Um Mitternacht erhob sich Wind und trieb ihn empor. Das Haustor war versperrt, er hatte die Schlüssel nicht, aber an der Seitenfront war ein Fenster offen, er kletterte am Birnenspalier hinauf und stieg ein. Er befand sich in dem Boudoir der Mutter neben dem Musiksalon. Mit pochendem Puls zauderte er, die Hand auf der Klinke, dann betrat er den Raum, in dem die Leiche lag.

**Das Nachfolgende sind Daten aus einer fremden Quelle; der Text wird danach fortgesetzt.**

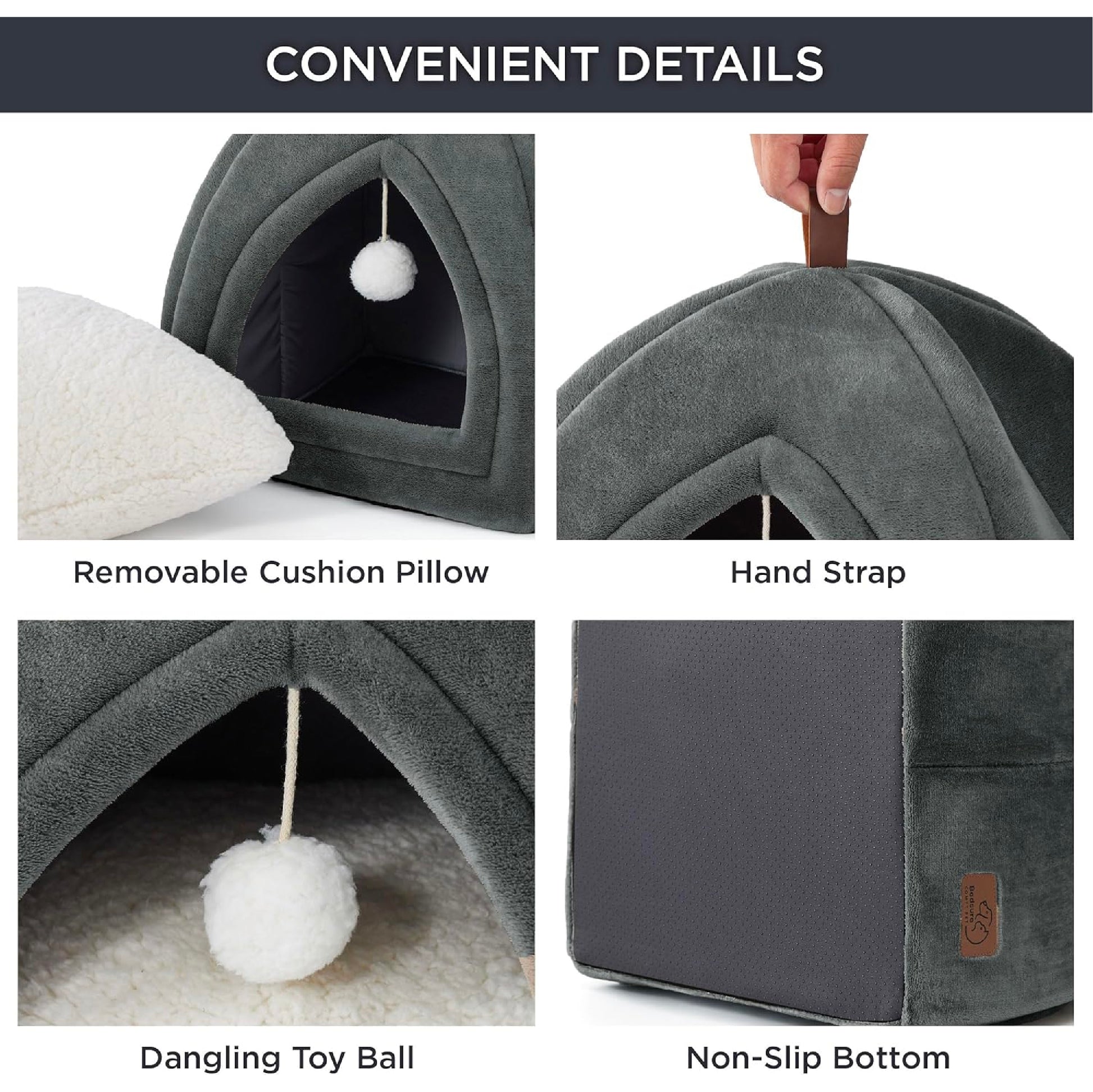BEDSURE Cat Cave Large Cats, Dark Grey - Foldable Cat Bed
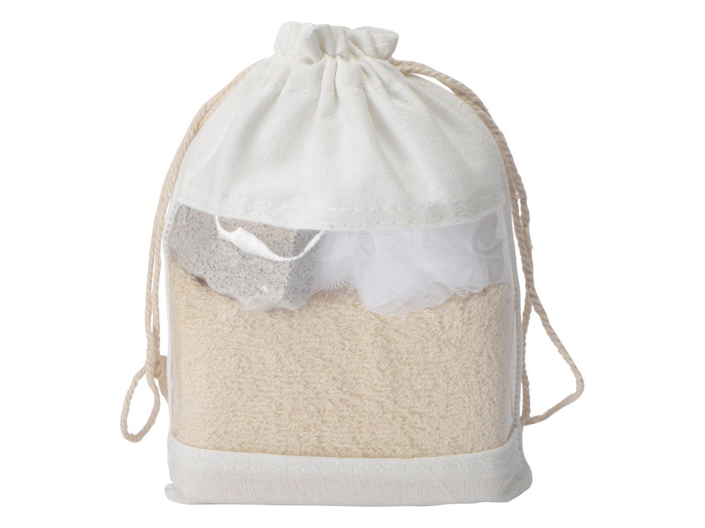 | Материал товара | сумка - полиэстер, хлопок с ПВХ, губка для ванны - полиэстер, мочалка - полиэтилен, пемза - известняк |

In der Ecke hinter dem Klavier brannte eine elektrische Flamme. Die Frau des Gärtners war zur Wache bestellt worden, aber sie schlief fest in einem Sessel neben der Toten; auf dem Teppich vor ihr kauerte seltsamerweise der Neufundländer.
Dietrich trat zur Bahre und blickte auf die marmorn-ruhende Gestalt herab, über die bis an den Hals ein graues Tuch gebreitet war. Unheimlich blumenhaft, wie das Gesicht aus dem Dunkel sproßte. Die Schußwunde war vom Haar verdeckt. Die Schönheit der Züge war ins Unirdische gesteigert, vielleicht gerade in dieser einen Stunde, wo das Leben mit einem letzten, schon kristallnen Abglanz in den Tod mündete. Hier endete der Schmerz; dies zu schauen hieß an der Grenze sein und Auferstehung ahnen oder das Nichts. Was Dietrich auf die Knie niederzog, war jenseits von Gefühl und Willen, auch was ihn zwang, die Hände zu falten und zu beten.
Er betete das Vaterunser. Es war einfach, es lag nahe, es drückte neben Altgeläufigem und Verständlichem ein Mysterium aus, an das noch kein Gedanke von ihm gerührt hatte.
Der Hund war aufgestanden und an seine Seite getreten. Jetzt knurrte er, und als Dietrich sich erhob, fiel ein Schatten vor ihn. Sich ohne Neugier umwendend, gewahrte er Hanna Landgraf. Sie musterte ihn schweigend, in ihrem Blick war Angst. Ihre Lippen öffneten sich zu einem Hauch und schlossen sich wieder, sie senkte den Kopf und legte die gekreuzten Hände an die Brust.
Dietrich grüßte stumm und wollte den Raum verlassen. Er lenkte den Schritt mechanisch, weil er von dort gekommen war, gegen das Boudoir. Rust folgte ihm. Noch hatte er die Schwelle nicht erreicht, als er aus dem abermaligen Knurren des Hundes schloß, daß das junge Mädchen hinter ihm ging. Er hielt die Tür offen, sie trat ein, er machte die Tür wieder zu. Sich mit ausgestreckter Hand gegen den Neufundländer wehrend, der mit Groll sich wider sie stellte, sagte sie bebend: »Was hat das Tier? Ich begreife nicht, was es von mir will.«
»Ich versteh es auch nicht,« antwortete Dietrich befangen; »still, Rust, Platz!« gebot er. Der Hund gehorchte unwillig. Dietrich machte Licht.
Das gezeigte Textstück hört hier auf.